You can always write the code directly, and it would work using either Dicts or Dictionarys. I’m not exactly sure about the specifics of your problem, and what you can afford to keep in-core vs out-of-core, but I’d start with something like:
index = Dict{Word, Set{DocId}}()
for (doc_id, doc) in stream
for word in doc
push!(
get!(Set{DocId}, index, word), # if word is not yet in index, add a new empty set of doc ids
doc_id # put doc_id into the new or existing set
)
end
end
(or with Dictionaries.jl its very similar, with set! instead of push!, Dictionary instead of Dict, Indices instead of Set…).
The SortedMultiDict structure from Julia Collections might help. SortedMultiDict is slower than Dict because the time per insertion grows logarithmically with n. On the other hand, it avoids the allocation overhead of arrays-of-arrays in the Dict solution because it encodes the data as 1=>doc1, 1=>doc3, 2=>doc2, 3=>doc1, 3=>doc2, etc.
This seems interesting. Your Dictionary was much faster then Dict. I am having many cores, therefore I was thinking about preparing dictionaries in parallel and merging them.
This seems an interesting option as well. Does SortedMultiDict support efficient merging of two dicts? That would be nice for map-reduce type of approach
As I have hinted above, I would like to distribute the computation. Therefore I am thinking about converting each doc into two arrays (keys-values) sorted according to key, as was proposed in SortedMultiDict, and use merging of sorted arrays to keep them sorted after merging. This way, the complexity of merging should be O(m+n), where m, n are length of corresponding arrays. This should also nicely parallelize (ideally using distributed reduction in Transducers). On the end, I will build the Dict in single sweep.
Is the above a bad idea? Anyone did something similar?
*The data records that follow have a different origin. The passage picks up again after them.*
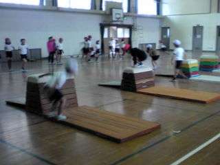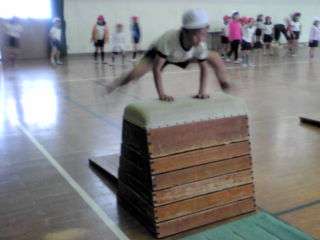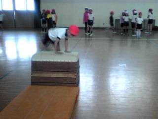 2年生は,とびばこ遊びを楽しんでいます。自分のできる跳びこし方で,高さや向きのちがう跳び箱に挑戦しています。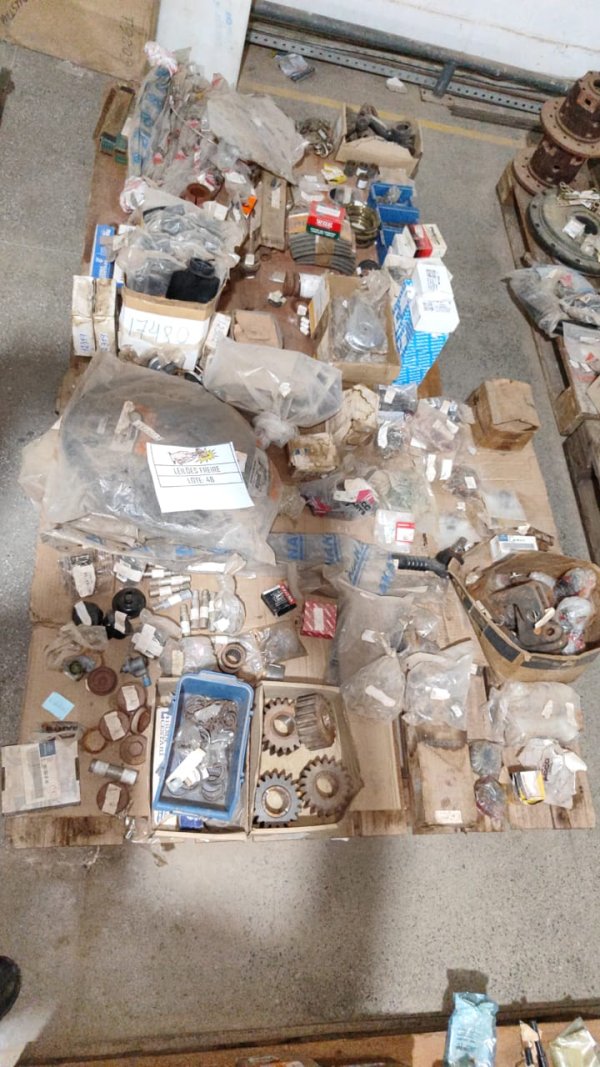 DIVERSAS PEÇAS NOVAS DE ALMOXARIFADO: 2 ARRUELA LISA ENGESA 2680-103-413 (CÓD.14520) PEÇA. // 5 CASTANHA RODA ENGESA 2252-100-132 (CÓD.14525) PEÇA. // 20 CONEXÃO MANGUEIRA ENGESA 2261-040-304 (CÓD.14530) PEÇA. // 2 EIXO SISTEMA TRANSM ENGESA 2391-305-148 (CÓD.14537) PEÇA. // 2 ENGRENAGEM TRANSM ENGESA 2342-000-951 (CÓD.14538) PEÇA. // 1 ENGRENAGEM TRANSM ENGESA 2342-000-960 (CÓD.14539) PEÇA. // 4 ARTICULAÇÃO EIXO DIANTEIRO CASE 5119660 (CÓD.17469) PEÇA. // 2 ROLAMENTO TRANSM ENGESA 1828-050-318 (CÓD.23613) PEÇA. // 4 ROLAMENTO ESFERAS ENGESA 2681-803-206 (CÓD.23848) PEÇA. // 2 BOMBA SISTEMA HIDR ENGESA 1831-201-432 (CÓD.25005) PEÇA. // 2 ENGRENAGEM ENGESA 2680-501-613 (CÓD.26156) PEÇA. // 1 EIXO ENGESA 2680-501-851 (CÓD.26158) PEÇA. // 1 ENGRENAGEM PLANET ENGESA 2680-504-957 (CÓD.30692) PEÇA. // 3 CONTRA-EIXO TRANSM ENGESA 2680-314-457 (CÓD.31402) PEÇA. // 2 ENGRENAGEM TRANSM ENGESA 2680-501-656 (CÓD.31404) PEÇA. // 2 ENGRENAGEM TRANSM ENGESA 2680-501-648 (CÓD.31405) PEÇA. // 1 ENGRENAGEM ENGESA 2680-501-826 (CÓD.31406) PEÇA. // 2 ENGRENAGEM ENGESA 2680-501-818 (CÓD.31414) PEÇA. // 1 ENGRENAGEM TRANSM ENGESA 2349-000-698 (CÓD.31416) PEÇA. // 1 GARFO ENGESA 2680-700-691 (CÓD.31417) PEÇA. // 1 GARFO ENGESA 2680-700-683 (CÓD.31419) PEÇA. // 30 GRAXEIRA PAINEL CAT 3K6675 (CÓD.32424) PEÇA. // 1 MOSPIN DIFERENCIAL ENGESA 1828-201-014 (CÓD.33132) PEÇA. // 3 ENGRENAGEM TRANSM ENGESA 2341-000-532 (CÓD.33167) PEÇA. // 2 ENGRENAGEM TRANSM ENGESA 2341-000-095 (CÓD.33241) PEÇA. // 2 GARFO PINHÃO ENGESA 2680-701-825 (CÓD.38149) PEÇA. // 4 ANEL DESGASTE ENGESA 2021-050-108 (CÓD.41081) PEÇA. // 3 EIXO SISTEMA TRANSM ENGESA 2391-901-701 (CÓD.41328) PEÇA. // 6 FLANGE ENGESA 2282-309-206 (CÓD.48291) PEÇA. // 6 FLANGE SIST TRANSM ENGESA 2282-309-095 (CÓD.48292) PEÇA. // 5 ENGRENAGEM ENGESA 2342-000-943 (CÓD.48295) PEÇA.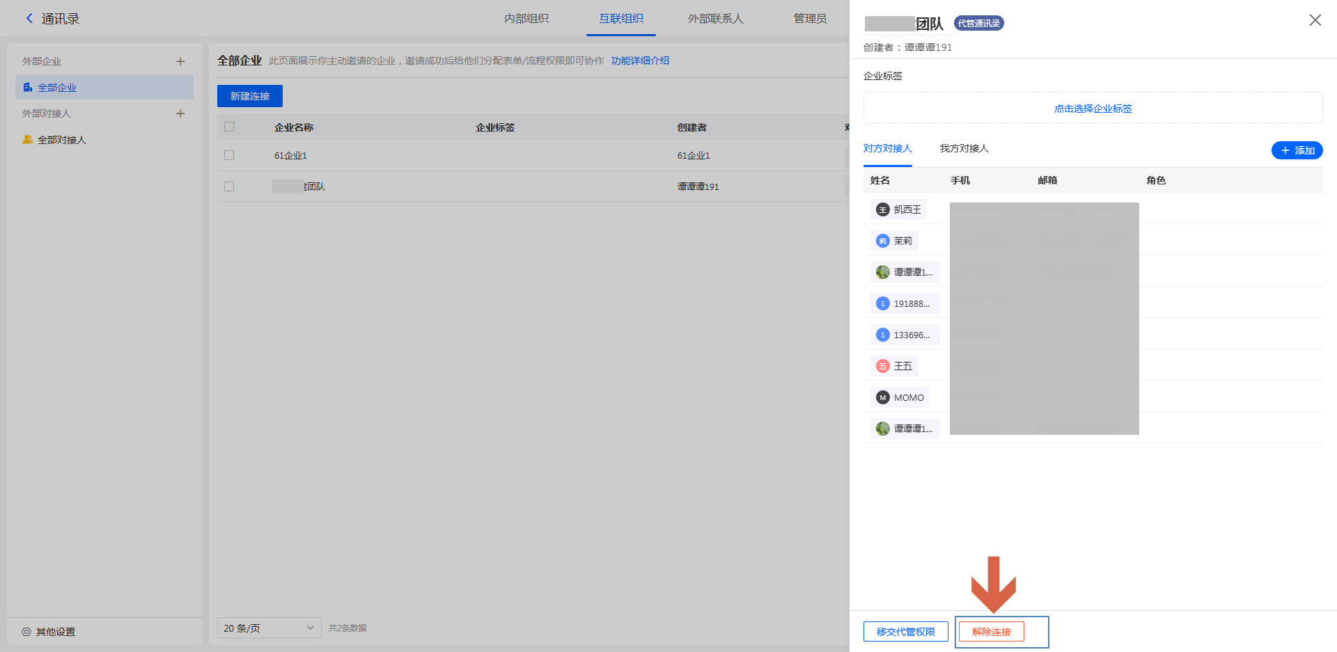 接管企业在「全部企业」列表中解除连接也可以让被接管的企业恢复自主管理通讯录状态。如下图所示:
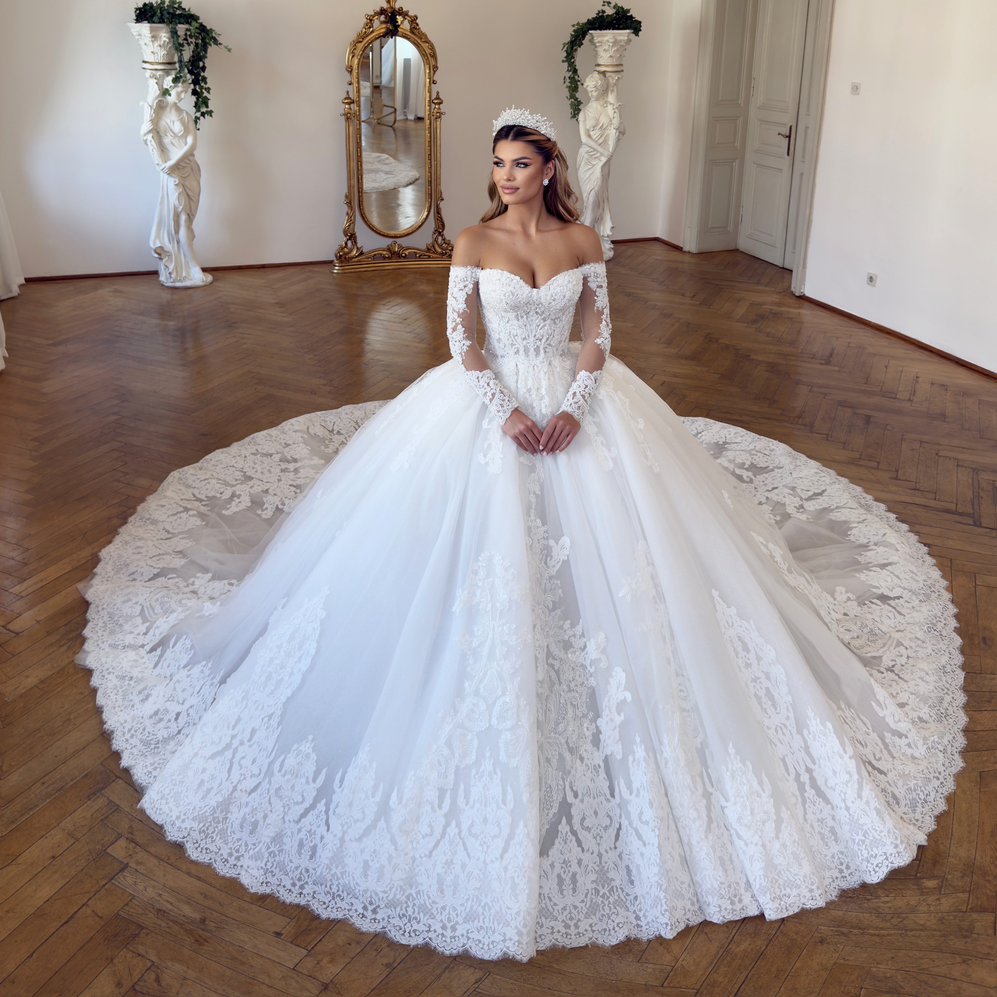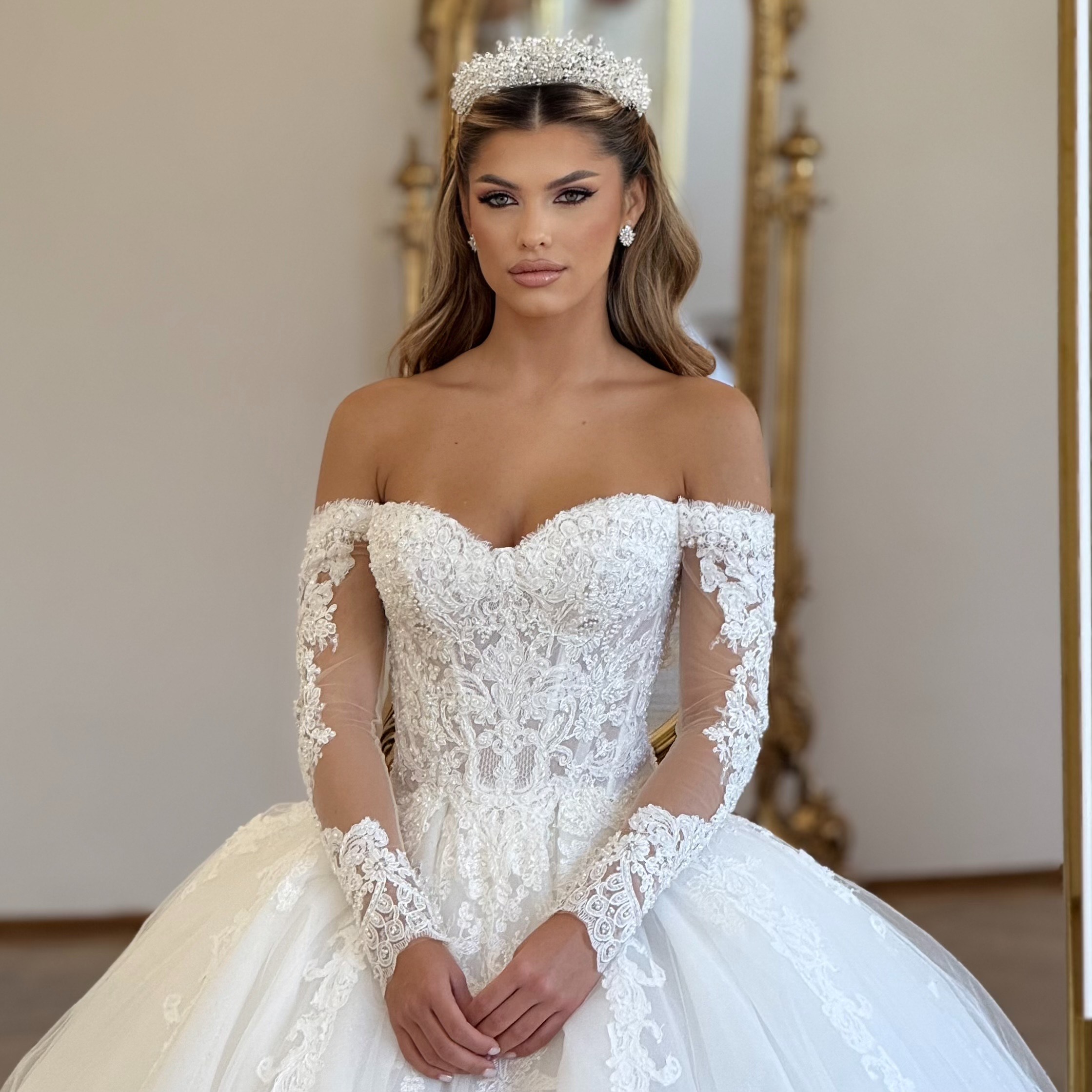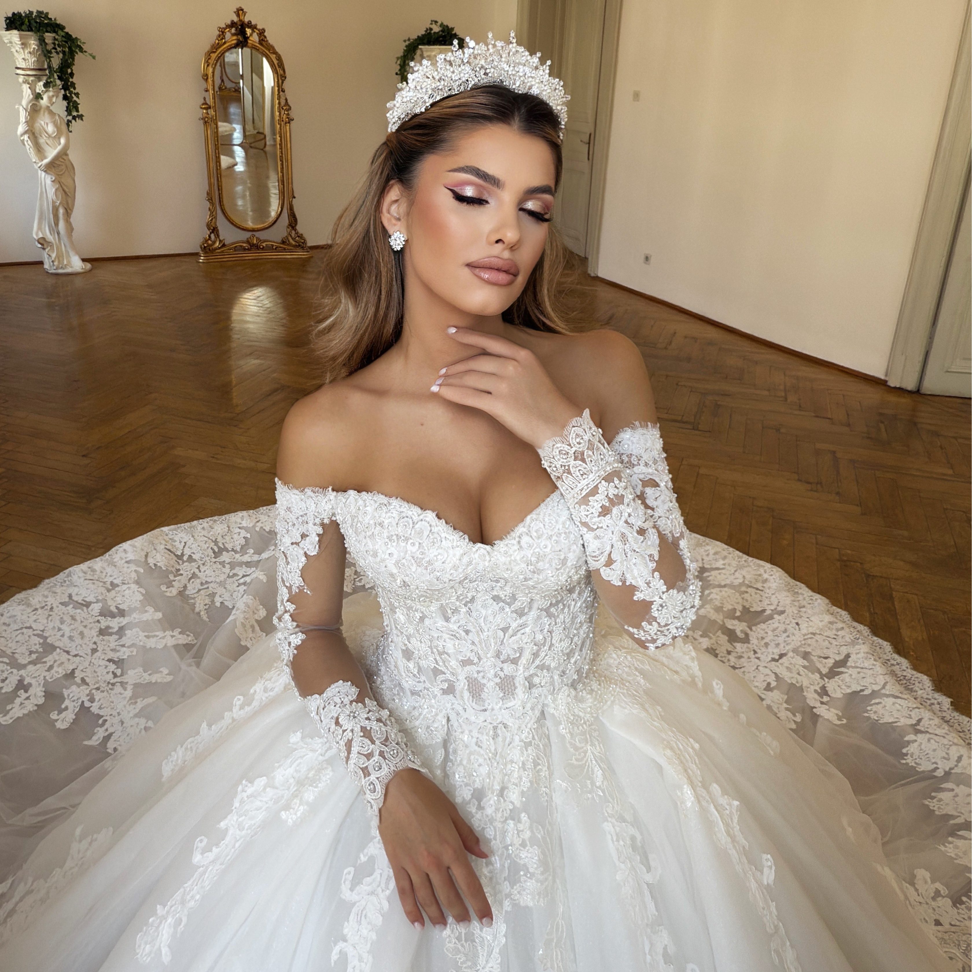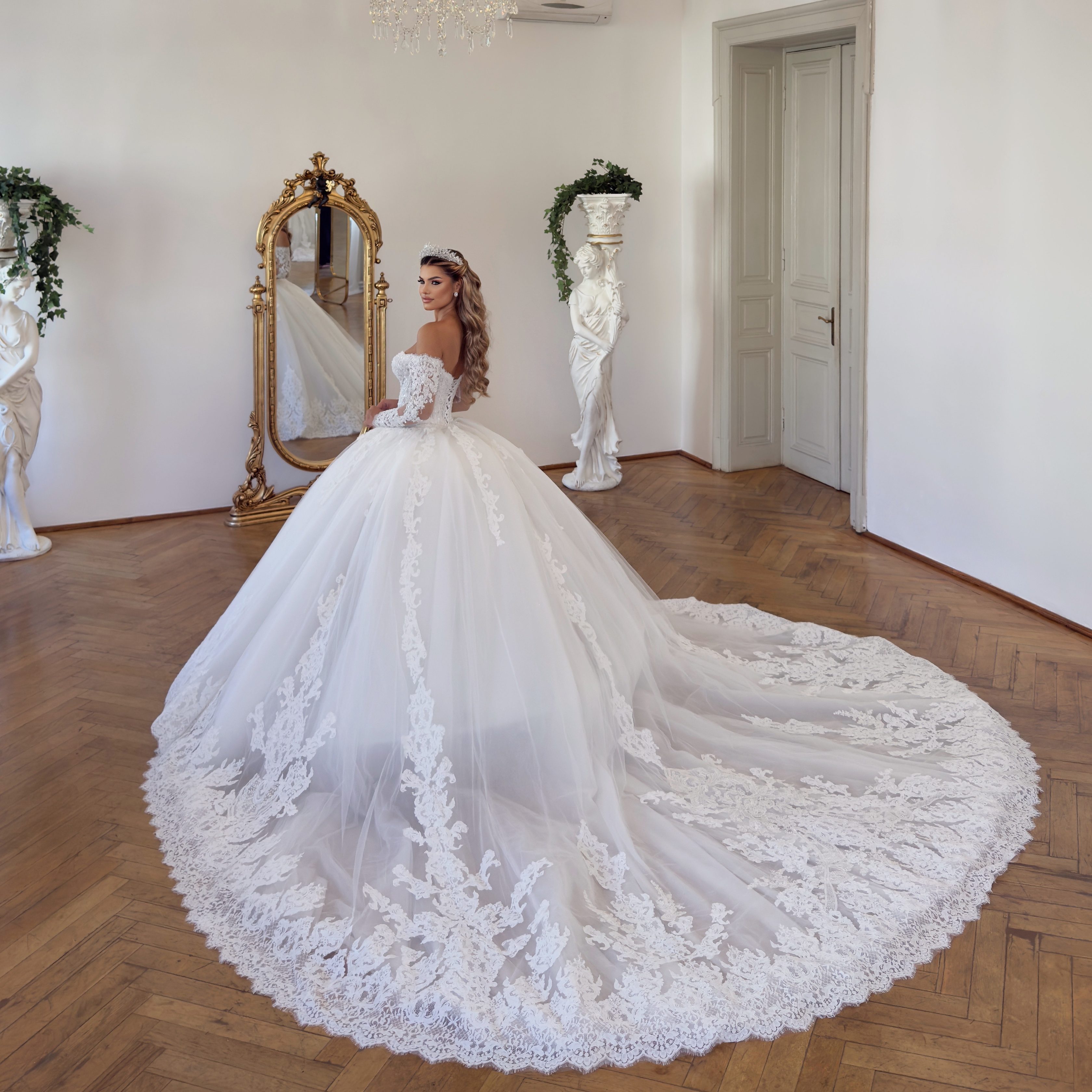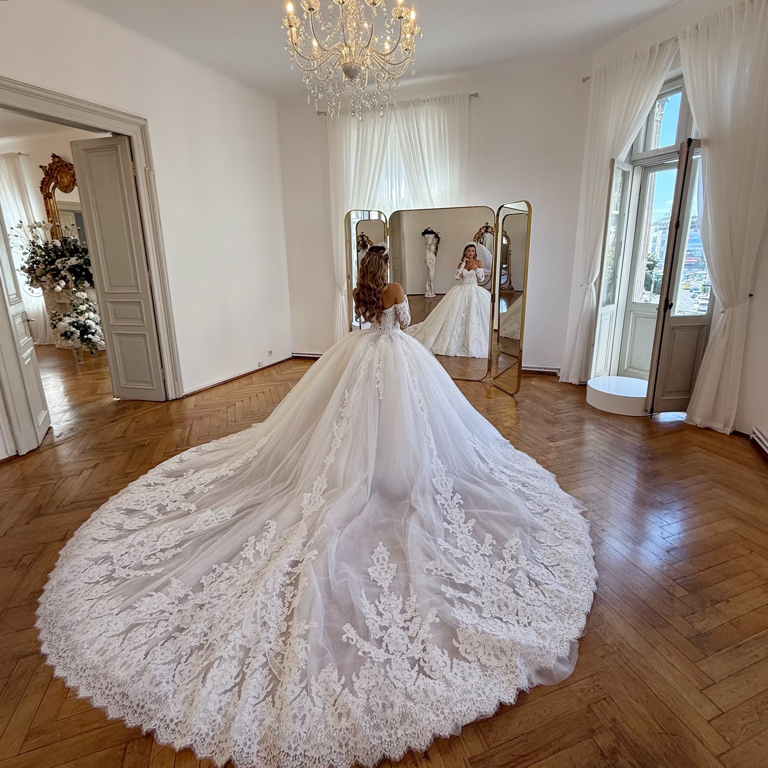 Manecile lungi, din dantelă Chantilly rebrodată, sunt cusute manual cu perle miniaturale și cristale fine, iar broderia amplă creează iluzia unor brațe suple și elegante. Închiderea la spate este decorată cu nasturi sferici din cristal, un detaliu rafinat care adaugă un plus de strălucire și feminitate.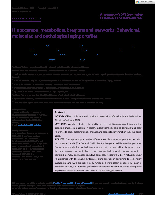 Home > Publications database > Hippocampal metabolic subregions and networks: Behavioral, molecular, and pathological aging profiles > Access to Fulltext |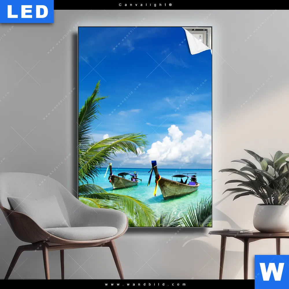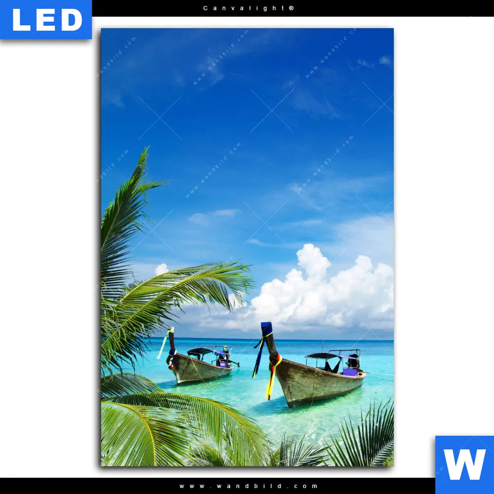 Canvalight® Leuchtbild | Boote im tropischen Meer | Hochformat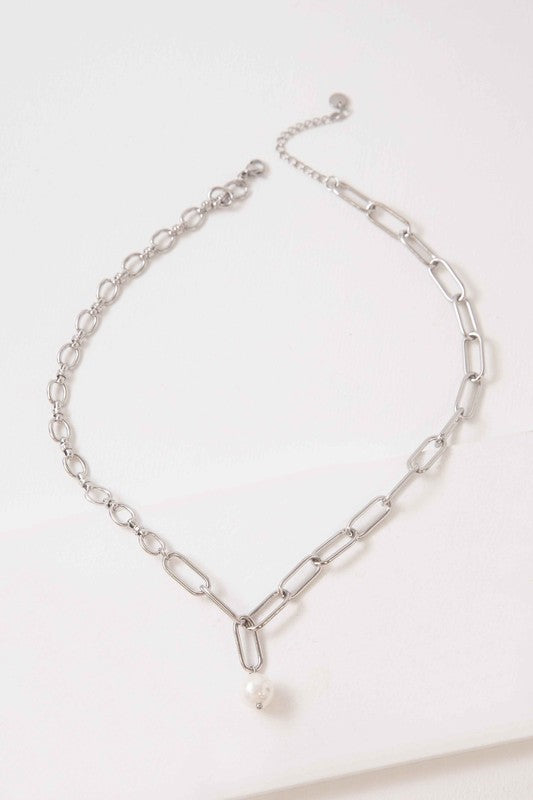 An asymmetric look with one pearl charm and two different silver chain styles.

Yes, this merge routine requires N*log N operations, where N is the total size of the two dictionaries. A more complicated code (loop over both dictionaries with two iterators concurrently to copy the data to new arrays and then build a tree structure above the sorted merged arrays) would require only linear time, but nobody has coded this. You can open an issue in DataStructures github page to request a more efficient implementation of merge.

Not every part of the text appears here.